Indonesia likely to terminate gas exports

And I was about to get ready to bug out and run. Indonesia supplies much of the natural gas that keeps Singapore, the air-conditioned nation, humming along, you see. Fortunately, they are talking about LPG instead of NG - this time.

peakoil.com -> thejakartapost.com :

In line with the government's plan to optimize gas utilization at home, a minister says he is considering the gradual halting of liquefied petroleum gas (LPG) exports. Energy and Mineral Resources Minister Purnomo Yusgiantoro told reporters that the halting of exports would likely be needed to meet a surge in demand at home as the government pressed ahead with its plan to replace the domestic use of kerosene with LPG starting in 2007 in a bid to reduce the cost of the kerosene subsidy. He said that current demand in Jakarta was about 600 million kilograms of LPG per year, of which only 200 million kilograms could be met from domestic sources. "We will make up the difference by halting exports," he said.
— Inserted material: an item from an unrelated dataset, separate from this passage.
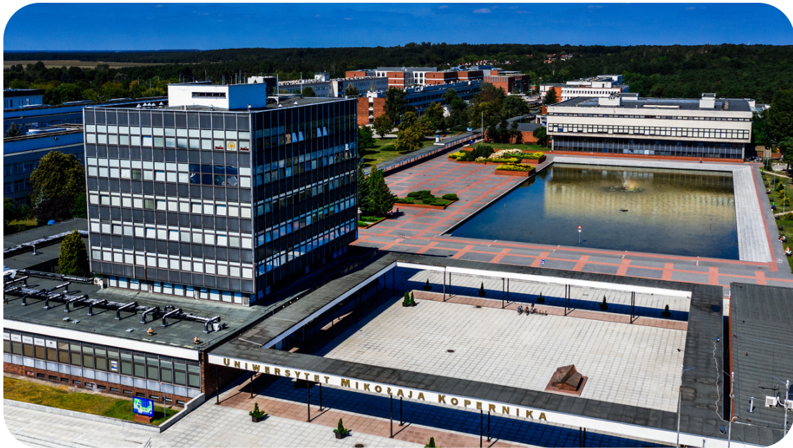
© NCU - Nicolaus Copernicus University in Toruń

The proposal to halt LPG exports has been on the cards since the government recently announced its long-term policy of reducing liquefied natural gas (LNG) exports to anticipate a possible oil crisis resulting from growing demand and soaring global oil prices. In March, President Susilo Bambang Yudhoyono said that LNG export contracts expiring in 2009 would not be renewed. "To secure our energy supplies in the future, we need to reallocate energy resources, especially in cases where the contracts have expired, to meet domestic demand," Purnomo said.

Indonesia has about 178 trillion cubic feet of proven and potential gas reserves, equivalent to about 1.4 percent of total world natural gas reserves, according to the Oil and Gas Directorate General. About 55 percent of total production was exported in 2005.

- But this is getting serious. In between soaring demand and looming peak production, the Indonesian government is starting to do what I thought earlier might be the obvious thing to do - that is, to cut down on exports and reserve its fossil fuels for its own domestic use. Will they decide that their own pressing need for fuel outweighs the paper dollars we pay them?

Meanwhile, many oblivious Singaporean residents talk about leaving their air-cons turned on 24/7. Visiting some homes here and there, I notice the trend towards huge, energy-guzzling refrigerators - SUV's in the kitchen, if you will.

I do hope gov.sg has some kind of a Plan B. Otherwise, I will be forced to do, what I think, on a personal level, will be the obvious thing to do. I have stuck around so far. I have even gone voting. But I am watching - and wondering. There may be a trigger event - or there may not be. We'll see.